Are you interested in having your products be used by 1000s of brands globally? Does building a global brand excite you? Does having your solutions be used by the world’s top brand get you up from bed? GrowByData is on a mission to expand its distribution to the world’s retailers and is seeking energetic, creative, and self-driven individuals to join the challenge. We are looking for a motivated, and talented individual to join us as Data Science / Machine Learning Engineer. S/he will be responsible to utilize data, machine learning, statistical science, and software skills to craft high -impact solutions that transform our business. If the challenge excites you, please apply with your CV and 3 reasons why this excited you.
REQUIREMENTS
- Proven experience as a Data Science/Machine Learning Engineer
- Understanding of data structures, data modeling and software architecture
- Sound knowledge of math, probability, statistics and ML algorithms
- Ability to write robust code in Python
- Familiarity with machine learning frameworks (like TensorFlow/Keras or PyTorch) and libraries (like scikit-learn)

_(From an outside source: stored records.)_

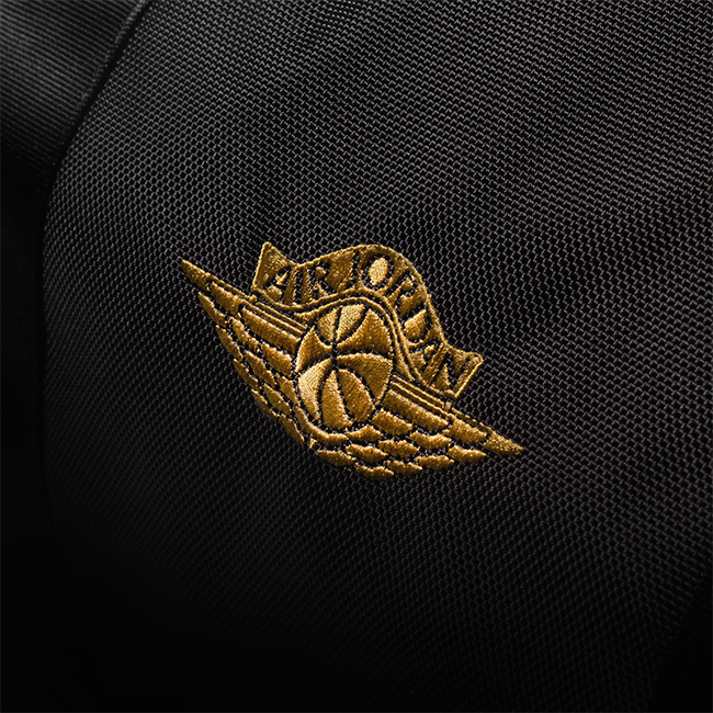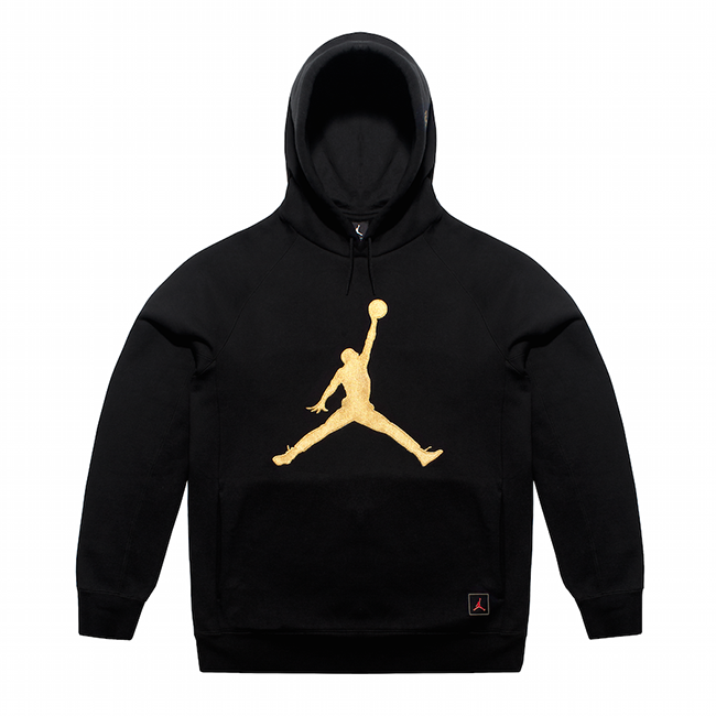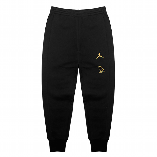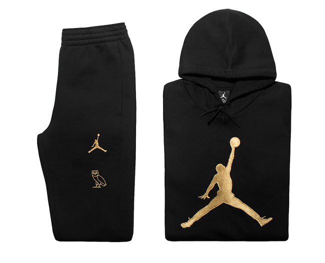The Jordan fleece hoodie and pant come in black with gold accents. An oversized Jumpman on the chest of the hoodie is complimented on the pant by a Jumpman and owl logo lock up.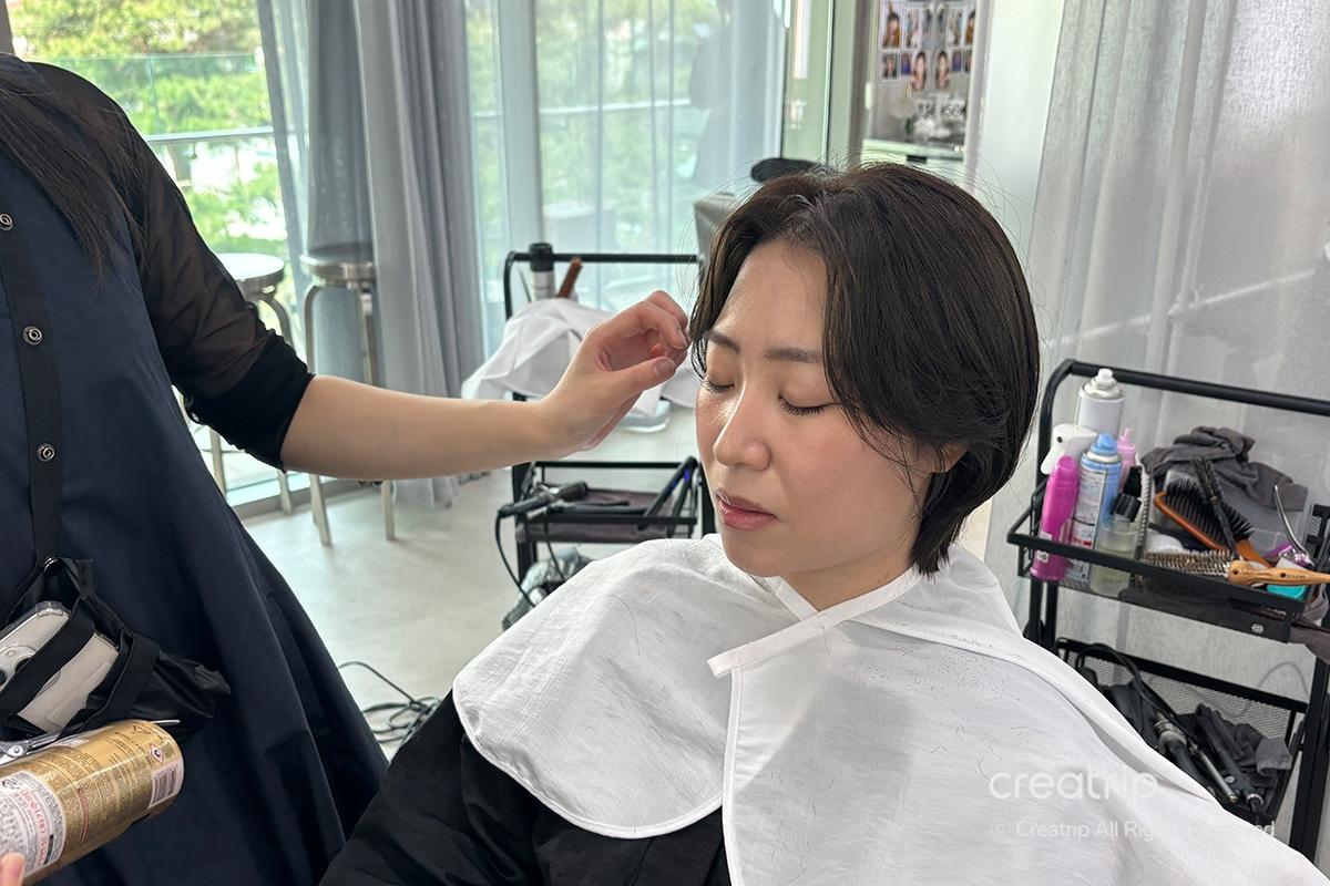 エディターはヘアとメイクを受け、一緒に訪問した一行はカット+カラーリング+ブロー+メイクを受けることにしました。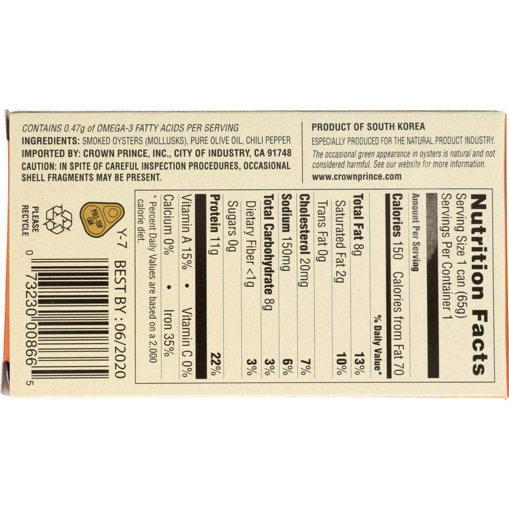 Crown Prince Smoked Oysters with Red Chili Pepper, 3 oz (Case of 4)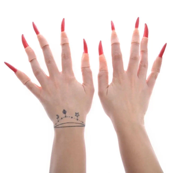 Zaakcentuj swój strój czarownicy za pomocą specyficznych dla jej obrazu długich paznokci - to kluczowy element kreacji. W zestawie otrzymasz 10 sztuk aplikacji na dłonie, które naśladują długie szpony wiedźmy. Możliwy kolor do wyboru to albo mroczna czerń, albo tajemnicza czerwień. Wielkość jednej aplikacji to 5-6 cm.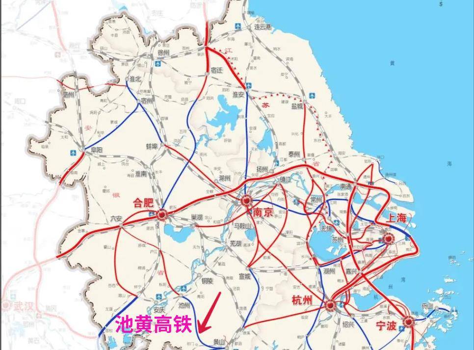 安徽池州至黄山高速铁路,简称池黄高铁,它是武汉至杭州高速铁路通道的重要组成部分,线路起自池州站,至黟县东站与在建昌景黄高铁共站并线至黄山北站,新建正线长约125公里,设计时速350公里,全线隧道34座,隧道占比60.8%。全线设池州、九华山、黄山西、黟县东、黄山北等5座车站,估算总投资183.7亿元,建设总工期48个月。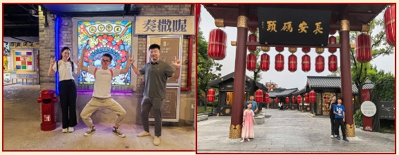 落地西安,便將這絕美夜景盡收眼底;回民街是西安美食的聚集地,烤羊肉串、肉夾饃、涼皮……各種小吃應有盡有,香氣四溢,讓人垂涎欲滴。腳步這下是挪也挪不動了,大家紛紛品嘗著這地道的美食,贊不絕口。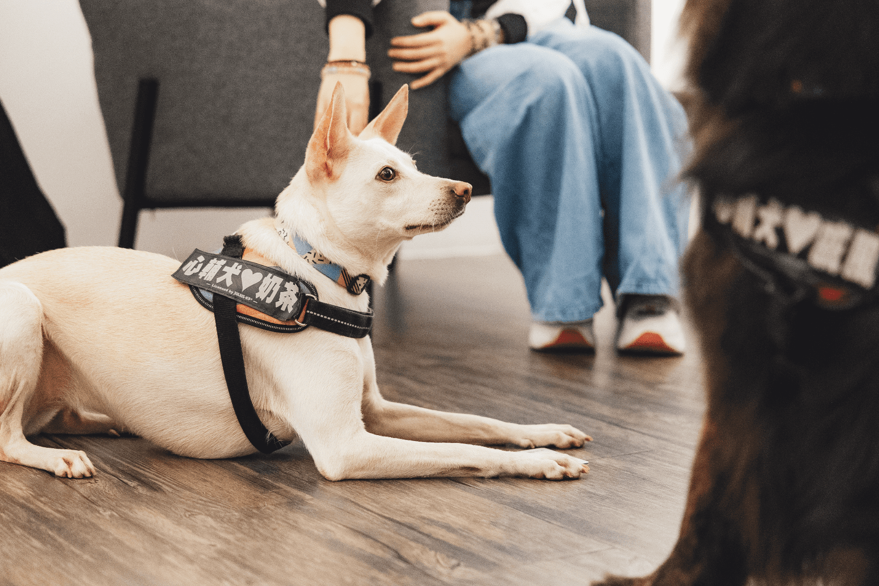 在創業之前,陳奕君其實曾面臨一段身心低潮。從小到大跟隨教育體制與社會期望走,終於決定要轉換跑道時,卻對未來方向陷入焦慮,最後也是狗狗們拉了她一把,「進入工作犬界那時候,我在心靈上真的獲得牠們很大的支持。」因為實際感受過帶來的力量,創立心輔犬的念頭也就更加清晰。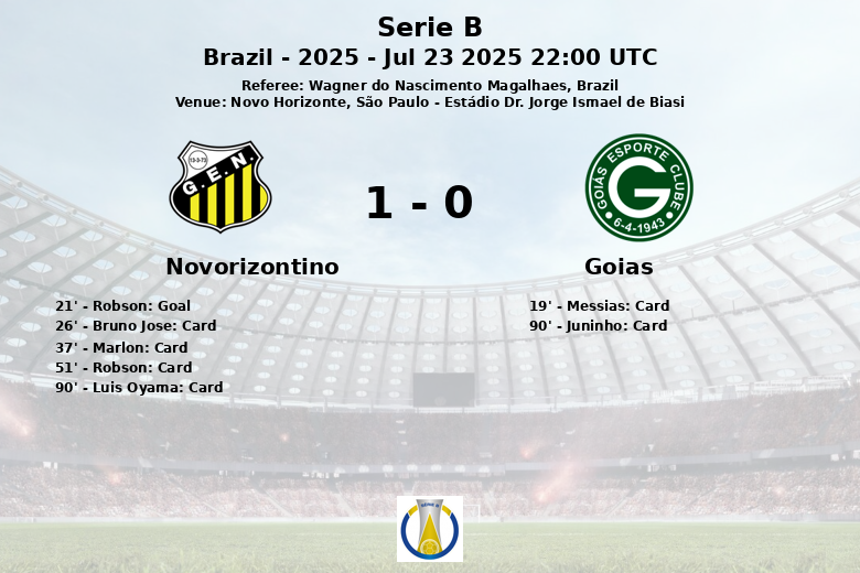 Novo Horizonte, São Paulo – In a Brazilian Serie B fixture, Novorizontino secured a narrow victory against Goiás in a match played at the Estádio Dr. Jorge Ismael de Biasi. The sole goal of the game came early, at the 21st minute, through a penalty converted by Robson, who capitalized on a foul inside the area.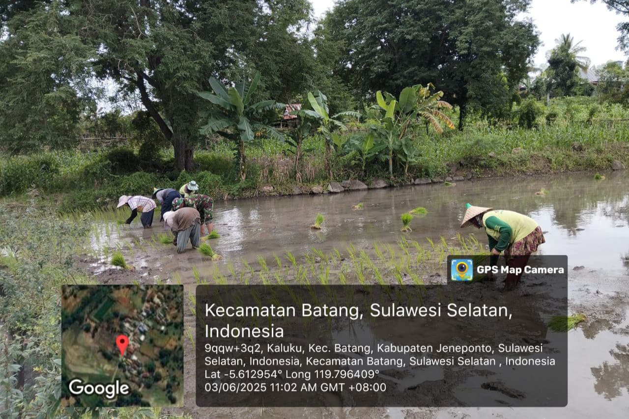 Dengan semangat tanpa pamrih, Babinsa Serka Nasir terjun langsung ke sawah membantu petani di wilayah binaanya, Desa Kaluku Kecamatan Batang, Kabupaten Jeneponto. Selasa, 3/06/2025. dalam kegiatan tanam padi musim tanam ke dua tahun ini.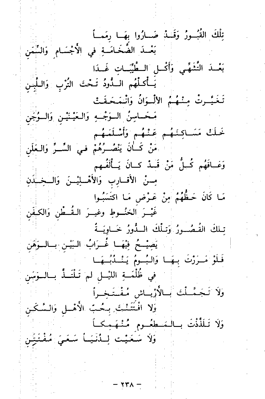 بَعْدَ التَّشَهِّي وَأَكْلِ الطَّيِّبَاتِ غَدَا ... يَأْكلْهُم الدُّودُ تَحْتَ التُرْبِ وَاللَّبِنِ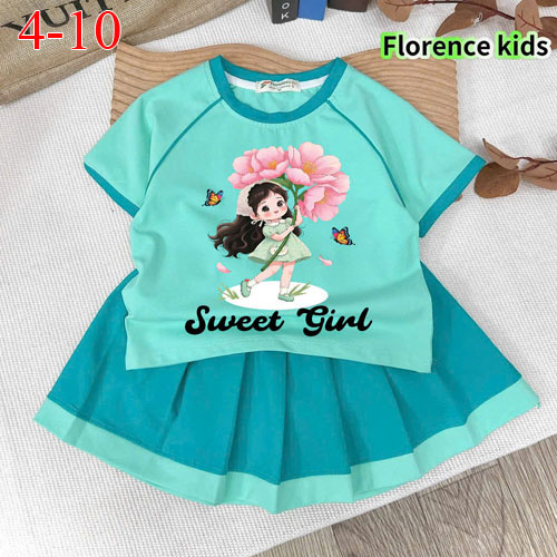A489279 - Set váy Siêu phẩm mới cho bé áo thun in cô bé Sweet Girl_Size 4-10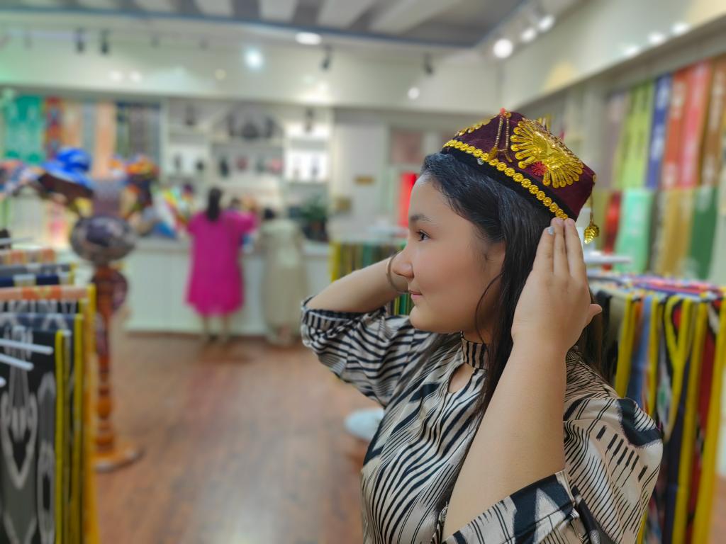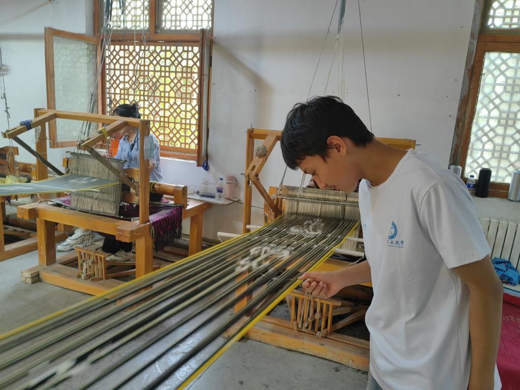 8月2日,实践团队前往和田地区洛浦县吉亚乡吉亚丽人艾特莱斯丝绸有限责任公司进行研学,调研驰名“一带一路”的艾特莱斯丝绸编织、扎染工艺,传承非物质文化遗产。艾特莱斯拥有三千年的悠久历史,其原材料来自新疆优质桑蚕丝,质地细腻、柔软光滑,具有独特精湛的品质制作工艺。团队成员在公司有关负责人的指引下亲身体验了艾特莱斯的制作全过程,了解和体验到艾特莱斯丝绸制作过程的繁琐和艰辛,认识到青年一代要为非遗文化传承和向世界推广贡献一份青春力量。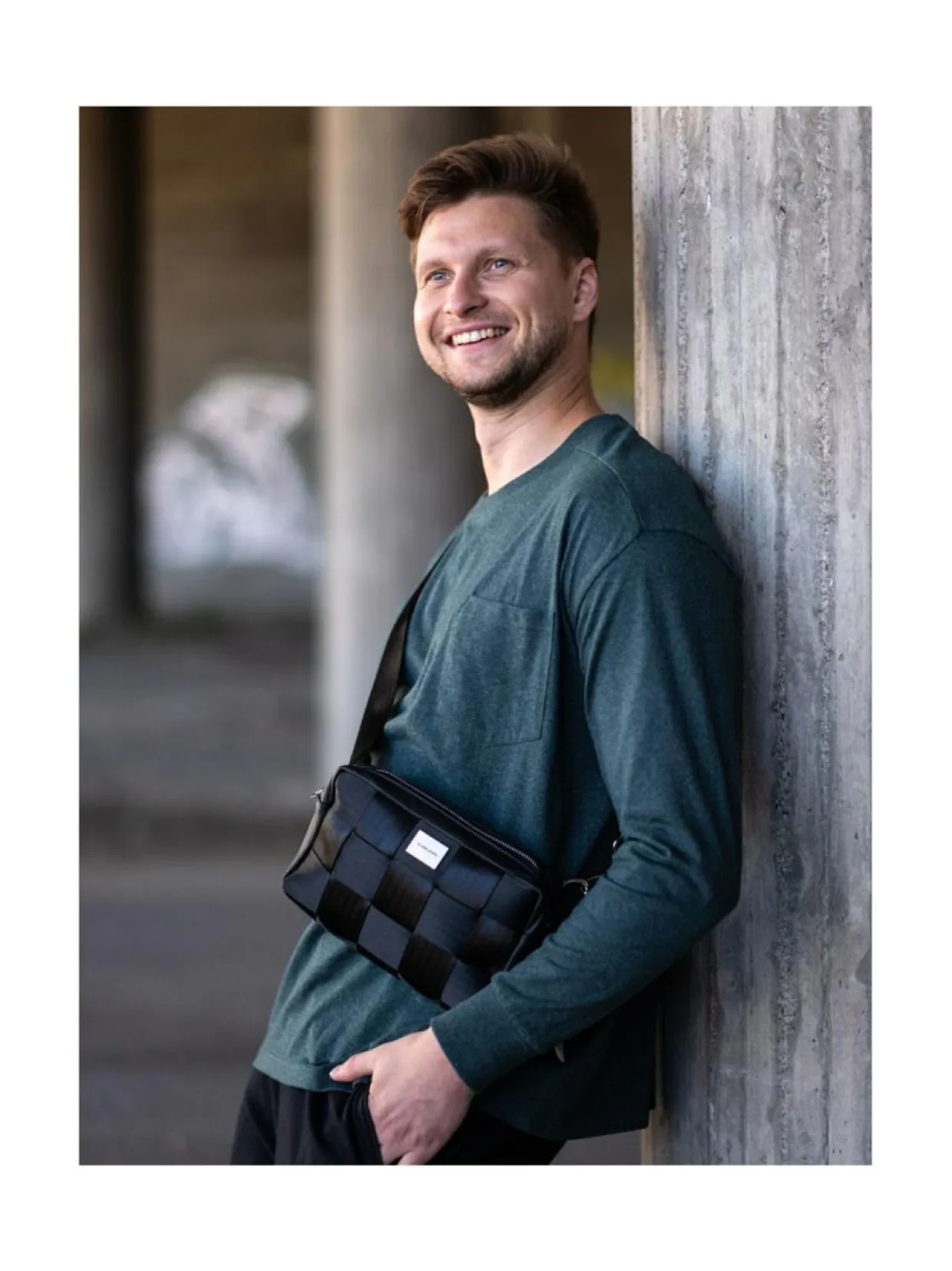 DYYNI on trendikäs turvavyölaukku, jonka persoonallinen punospinta on Suomessa käsin punottu ylijäämäturvavyöstä. Laukku on tilava, ja sen metallivetoketju pitää tärkeimmät tavarasi visusti turvassa. DYYNI on suunniteltu käytettäväksi vyölaukkuna, cross-body laukkuna rinnalla, tai olkalaukkuna. Monikäyttöinen laukku mukautuukin loistavasti eri tilanteisiin ja asuihin.

- Strong communication skills
- Outstanding analytical and problem-solving skills
- Confident, keen to learn new technologies, should have experience on the said technologies
- Self-motivated, eye to detail on tasks
RESPONSIBILITIES
- Work within our data platform and contribute to the development of machine learning systems and data science technical infrastructure
- Study and transform data science prototypes
- Build data pipelines for collecting & processing data from multiple data sources: from the point of ingestion to useful insight
- Select appropriate datasets and data representation methods
- Perform statistical analysis and fine-tuning using test results
- Train and retrain systems when necessary
- Extend existing ML libraries and frameworks
EDUCATION : Bachelor’s degree in Computer Science or Software Engineering
EXPERIENCE
- Prior 2 years of proven experience as a Data Science / Machine Learning Engineer would be preferred and favorable.